Now THIS is where it takes five minutes: Upload your text file. Preview how it will look on a Kindle. Worry about font. Assume readers can manipulate font in their Kindle. Click Save and continue.
Ask editor: ”Parts of the world or everywhere?” Editor answers: ”Everywhere!!!” Click Save and Publish! Hey presto, in five minutes. Or thereabouts.
”Your book will go live on Amazon within 12 to 24 hours. Usually.”
Wait. Sleep, breakfast, play with cat.
Realise that hey wait, ”HBTQ” is the Swedish initialism, in English it should be ”LGBTQ”. Aha, I’m not allowed to make changes while Amazon is reviewing my book. No sweat, I’ll just do that tomorrow.
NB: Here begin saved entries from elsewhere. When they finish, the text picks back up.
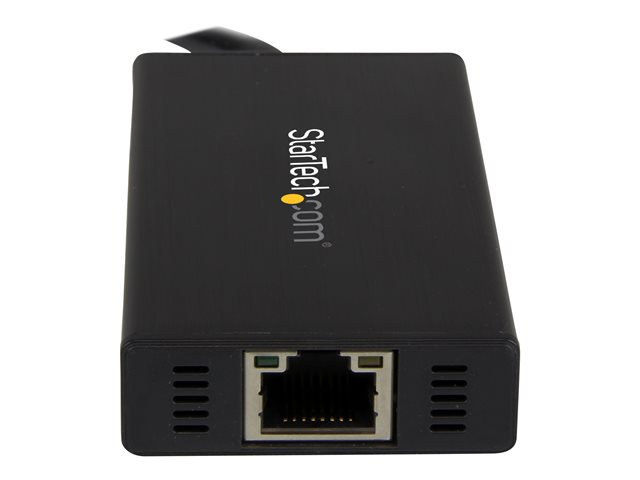| Produktbeskrivning | StarTech.com Bärbar USB 3.0-hubb med 3 portar plus Gigabit Ethernet - aluminium med inbyggd kabel - Hubb - 3 x SuperSpeed USB 3.0 + 1 x 10/100/1000 - skrivbordsmodell - för P/N: PEXUSB3S2EI, PEXUSB3S42, PEXUSB3S7, SVA5H2NEUA |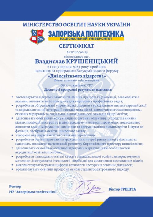 Упродовж 2023 року аспірант кафедри права та правоохоронної діяльності Владислав Крушеніцький взяв участь у двох Всеукраїнських освітньо-наукових заходах. Зокрема, 1-3 червня 2023 року на базі НУ «Запорізька політехніка» проходив Всеукраїнський форум «Дні освітнього лідерства». Спікерами панельних сесій виступили представники Національного агентства із забезпечення якості вищої освіти, Національного агентства кваліфікацій, члени Національної команди експертів з реформування вищої освіти, учені НАПН України, науково-педагогічні працівники вітчизняних ЗВО.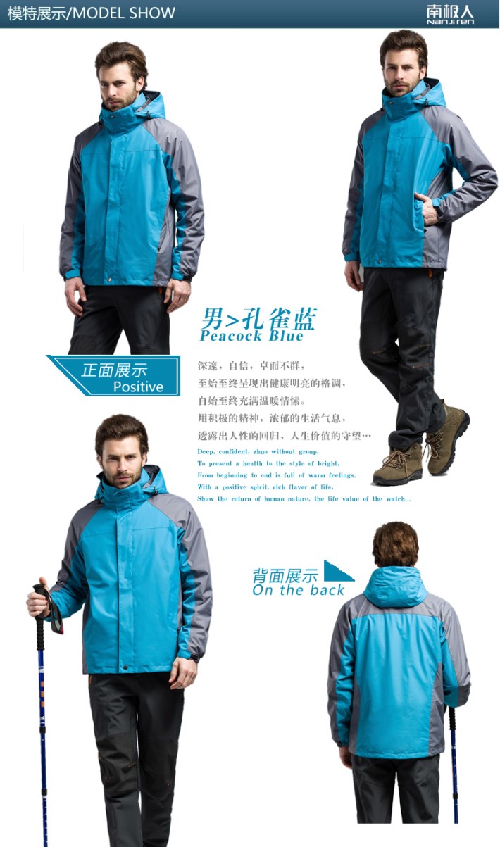 生產工藝:采用WEI-TEX防水透濕科技、三合一可拆卸內膽、立體裁剪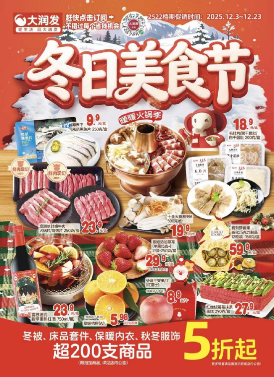 冬日美食节(民治大润发):12月3日至23日,推出系列美食促销活动。

Receive email: ”Your book is available in the Kindle Store!” Do a little dance. Conjure a little dragon mirage to fly around spreading rainbow sprinkles making everyone happy. Hurry in to change the key word before you shout it from the rooftops. Change that one key word.
”We are reviewing your changes. This will take 12 to 72 hours.”
Wait. Work. Wait. Work.
While waiting, look again at the preliminary Amazon page and realise: Hey, wouldn’t it be nice if that line just beneath the title of the book actually said ”Harriet Dumont (author)”? Harriet, did you perchance assume that the person running the account would automatically be listed as author? This is not the case. Instead it now looks as if Anna has edited a collection of Myra’s illustrations, which would be awesome, but which is unfortunately not the case.
Also while waiting, get anxious about Amazon saying the list price is $6.24, when you’ve put $4.99. It’s the right price on Amazon UK, so what’s strange? What, I ask? Whaat, I wonder? An hour or two and some maths later: Ah. It’s the VAT if I, in Sweden, were to buy it from Amazon US. Calm down. Have some tea.
[waiting] [waiting] Then! ”Updates being published.” Oh! [Refreshing page] [Refreshing page] ”Updates being published.” [Refreshing page] &c &c. And then! Once more, dear friends, my updated book is available in the Kindle store – and thus available for me to edit! And so I edit again and put to print that Harriet Dumont is the author of pansexual polyamorous pirate smut fantasy novel The Incorrigible. Setting the worlds right. Cutting the moorings with an axe, hoisting the sails, steering into the wind and heading out to sea!
”It may take X hours” etcetera. And then, the final time (I hope), in the middle of the afternoon: ”Your book is available in the Kindle Store!” The Incorrigible pirates are ready to conquer the world!
In the immortal words of Monty Python’s Flying Circus: That was never five minutes just now.